Я помню, как мои родители и дядя Бентли углубились в разговор за огнестрельным оружием, когда они вошли в столовую. Они занимают свои места вокруг обеденного стола, сразу же втягивая Сойера в свой разговор. Очевидно, у него есть свое мнение по этому вопросу, и он проводит много времени на стрельбище. Я смутно слышу его желание стать копом, что не только шокирует меня, но и заставляет дядю Бентли неодобрительно покачать головой, что дает мне больше времени, чтобы обезвредить бомбу замедленного действия напротив меня.

— Ни один мой сын не будет работать в правоохранительных органах. Сначала им придется похоронить меня. — Дядя Бентли говорит моим родителям. — Если кто-то из моих мальчиков хочет работать… то у нас есть чем заняться в семейном бизнесе. Честно говоря, я с трудом заставляю своего старшего вставать с постели, так что у Сойера не будет другого выбора, кроме как учиться бизнесу.

— Мой отец не понимает, что я не заинтересован в надзоре за тщеславными анорексичными моделями или его заправочными станциями, — заявляет Сойер.
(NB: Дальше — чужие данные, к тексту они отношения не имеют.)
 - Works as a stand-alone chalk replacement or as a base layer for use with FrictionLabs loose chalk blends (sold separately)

Эти двое препираются взад и вперед, но я уже не слушаю их. Все мое внимание приковано к Стерлингу. Я тихо предупреждаю его, чтобы он больше не пил вино. Одна его бровь поднимается, и я впервые вижу ямочки. Он тянется за бокалом, ухмылка кривит уголок его рта. Он не сводит с меня глаз, пригубив все, что было в бокале, просто чтобы позлить меня. Он чертовски хочет превратить сегодняшний вечер в катастрофу.
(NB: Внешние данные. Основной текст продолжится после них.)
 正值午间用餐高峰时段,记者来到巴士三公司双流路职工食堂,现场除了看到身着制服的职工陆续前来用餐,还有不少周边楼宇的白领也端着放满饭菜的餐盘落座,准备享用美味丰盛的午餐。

Ямочки должны сопровождаться предупреждением: «Опасно! Могут сбить ваш мир с оси, классифицируются как оружие, действуйте осторожно».

Колтон не замечает ничего вокруг, пишет смс на своем мобильном телефоне. Слава богу. Одного непокорного мужчины достаточно для любой девушки.

— С тебя хватит, — говорю я Стерлингу. Он наклоняется вперед, сокращая расстояние между нами настолько, насколько позволяет стол. Его глаза блестят от подавленного смеха.

— Я думал, мы уже обсудили, куда направлять свои придирки.

— Я просто пытаюсь спасти тебя от позора.

— Меня не нужно спасать, Виктория. — Стерлинг опускает глаза к своей тарелке и поднимает салфетку, лежащую на ней, — чудесное оригами Сесили. В уголках его глаз образуются морщинки, когда он улыбается, демонстрируя ямочки в полную силу. Мой живот наполняется бабочками.

— Это должен быть чертов лебедь? — бормочет он своему брату, засовывая сложенную салфетку в поле зрения Сойера. Стерлинг качает головой, забавляясь. Стерлинг направляет то, что должно быть клювом птицы, на щеку Сойера, издавая звук «кар, кар».

— Чувак, убери это дерьмо от моего лица, — огрызается Сойер, выходя из зоны досягаемости и отбивая руку Стерлинга.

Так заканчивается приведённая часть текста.